Now we can look at our version of Hofstra’s solution:
(define (nsd n) (let* ((limit (isqrt n)) (fs (factors n)) (mid (quotient (length fs) 2)) (los (divisors (apply * (take mid fs)))) (his (reverse (divisors (apply * (drop mid fs)))))) (let loop ((best 0) (los los) (his his)) (if (or (null? los) (null? his)) best (let ((t (* (car los) (car his)))) (cond ((< limit t) (loop best los (cdr his))) ((< best t) (loop t (cdr los) his)) (else (loop best (cdr los) his)))))))) > (time (nsd (apply * (primes 190)))) (time (nsd (apply * ...))) 67 collections 2.066603685s elapsed cpu time, including 0.950848951s collecting 2.072700979s elapsed real time, including 0.954510719s collecting 626128608 bytes allocated, including 601787408 bytes reclaimed 2323218950659046189161096883702440585
This is reasonably fast, even when n has a large number of factors (which is a relatively rare occurrence).
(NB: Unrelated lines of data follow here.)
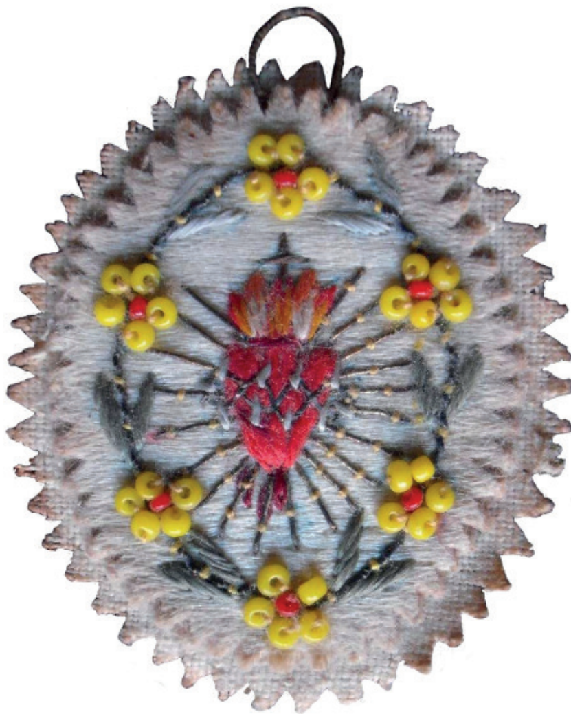
2. kép: Hímzett Jézus Szíve nyakék, 20. század eleje. A szerző tulajdona.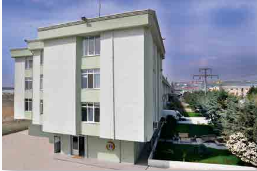
Fabrika 1 & Yönetim Binası / Plant 1 & Headquarter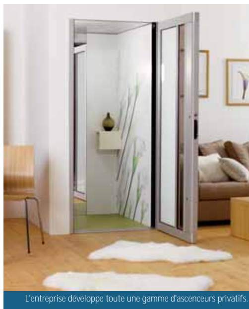
L'entreprise développe toute une gamme d'ascenseurs privés.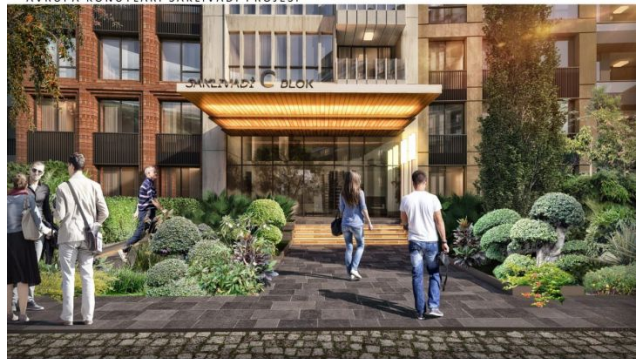
AVRUPA KONUTLARI SAKLIVADI PROJESİ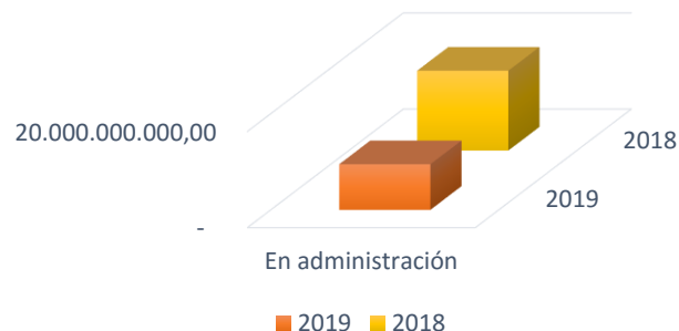
RECURSOS RECIBIDOS EN ADMINISTRACION

Para el año 2018 la cuenta de otros pasivos correspondiente a recursos recibidos en administración con corte a abril presenta un valor de $16.605.434.295,44 y con el mismo corte a 2019 con un valor de $9.479.572.353,24 con una variación absoluta de -$7.125.861.942,20 la cual corresponde a utilización de recursos del contrato de fiducia mercantil suscrito entre el Ministerio de Minas y Energía y la Fiduciaria de Occidente para la administración y manejo por parte de la fiduciaria de los recursos asignados a la Comisión de Regulación de Energía y Gas - CREG.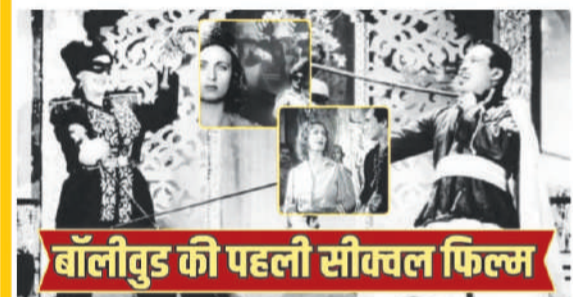
बॉलीवुड की पहली सीक्रेल फिल्म

91 साल पहले शुरू हुआ था बॉलीवुड में सीक्रेल का दौर, एक महिला एक्शन स्टार ने रचा था इतिहास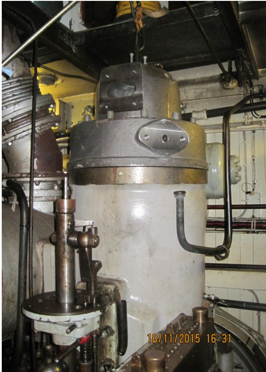
Ny sylinder med ny topp er kommet på plass i maskinrommet!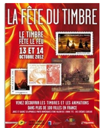
Affiche officielle de la Fête du Timbre 2012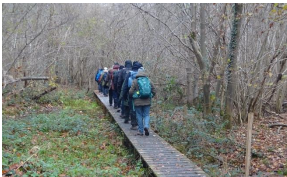
December 2023: Vlonderpad in moerrasige Birrebeekvallei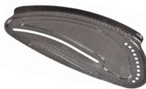
Osłona boczna z włókna węglowego z błotnikiem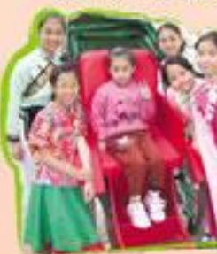
古代的裝扮，現代的人物，你認得我嗎？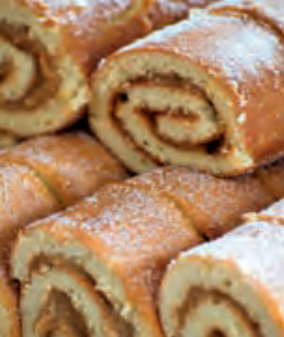
Brazo de reina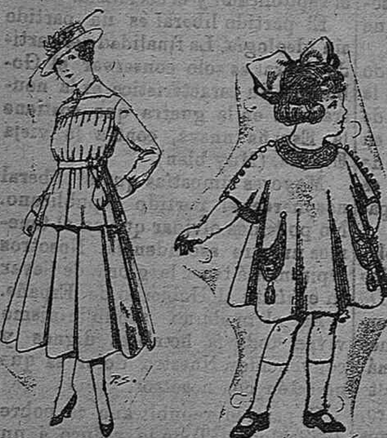
Trajes de lanilla Vestidos de lanilla para para juvenitas de niñas de 4 á 9 años 13 á 19. Pt. 50 á 55 De pesetas 30 á 38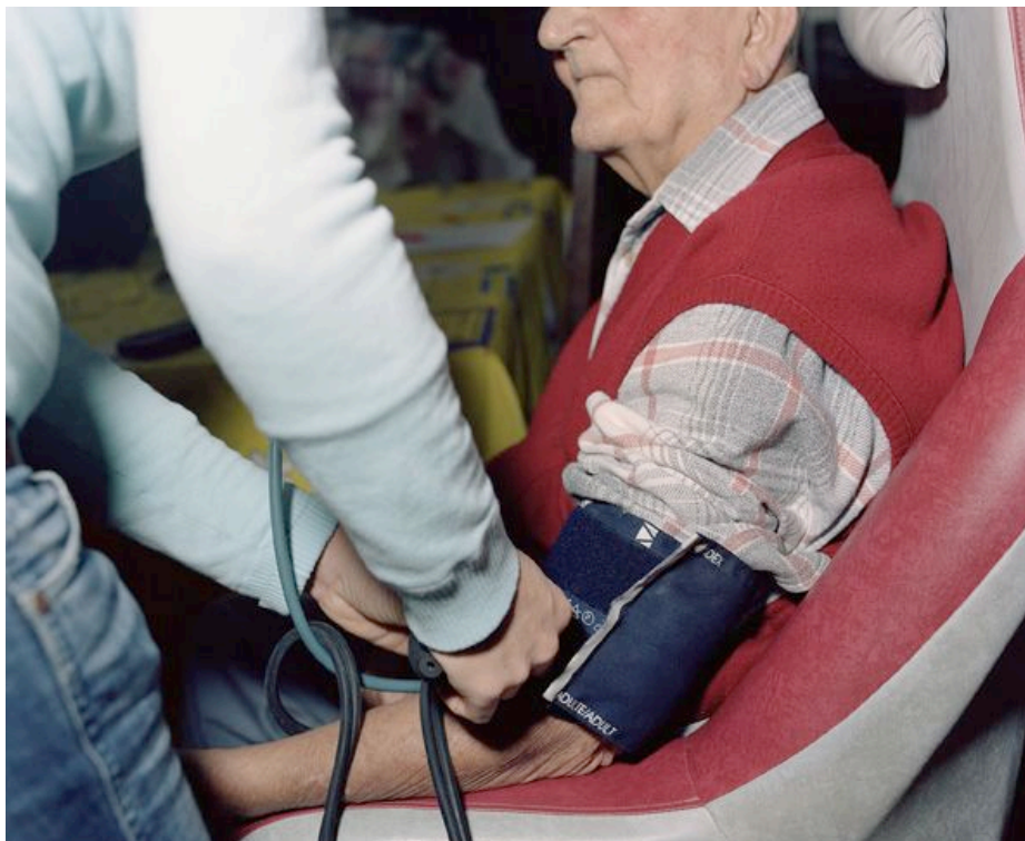
Les soins #19 – photographie couleur 79,3 x 95,3 cm – Ed 1/5 Extrait de la série « COSI ou les interdépendances humaines » - 2007

Extrait du texte de Caroline Bach sur « Le cycle du travail »

First, n must be factored, which may be the hard part of the algorithm. Then the two lists of divisors are created. The iteration removes one divisor at each step, and performs at most two comparisons. Solving Project Euler 266 takes about 2 seconds on my machine. Sloane’s sequence A060798 finds the nearly square divisors of the primorials:
(define (primorial-nsd n) (let ((p 1)) (do ((ps (primes n) (cdr ps)) (i 1 (+ i 1))) ((null? ps)) (set! p (* p (car ps))) (display i) (display ": ") (display (nsd p)) (newline)))) > (primorial-nsd 190) 1: 1 2: 2 3: 5 4: 14 5: 42 6: 165 7: 714 8: 3094 9: 14858 10: 79534 11: 447051 12: 2714690 13: 17395070 14: 114371070 15: 783152070 16: 5708587335 17: 43848093003 18: 342444658094 19: 2803119896185 20: 23619540863730 21: 201813981102615 22: 1793779293633437 23: 16342050964565645 24: 154170926013430326 25: 1518409177581024365 26: 15259825120722837478 27: 154870329715038713659 28: 1601991088154989174258 29: 16725278985898957454695 30: 177792163538134124432895 31: 2003615963401499430234017 32: 22932432897807928504246930 33: 268417244825173788264575798 34: 3164592642338712034986945585 35: 38628776202949578678974208410 36: 474678348768025365932004176547 37: 5947702664563379291963314981629 38: 75935184293205358249943157743631 39: 981298843695756278498820457991905 40: 12906971131408359840474658782214165 41: 172683504643732793885778158650669178 42: 2323218950659046189161096883702440585
You can run the program at http://ideone.com/V0KZDB, where you will also see the auxiliary functions that are used.
I’d come across this way of solving the problem but have to say I’m impressed with how much faster than branch-and-bound it is.
How about a simulated annealing solution?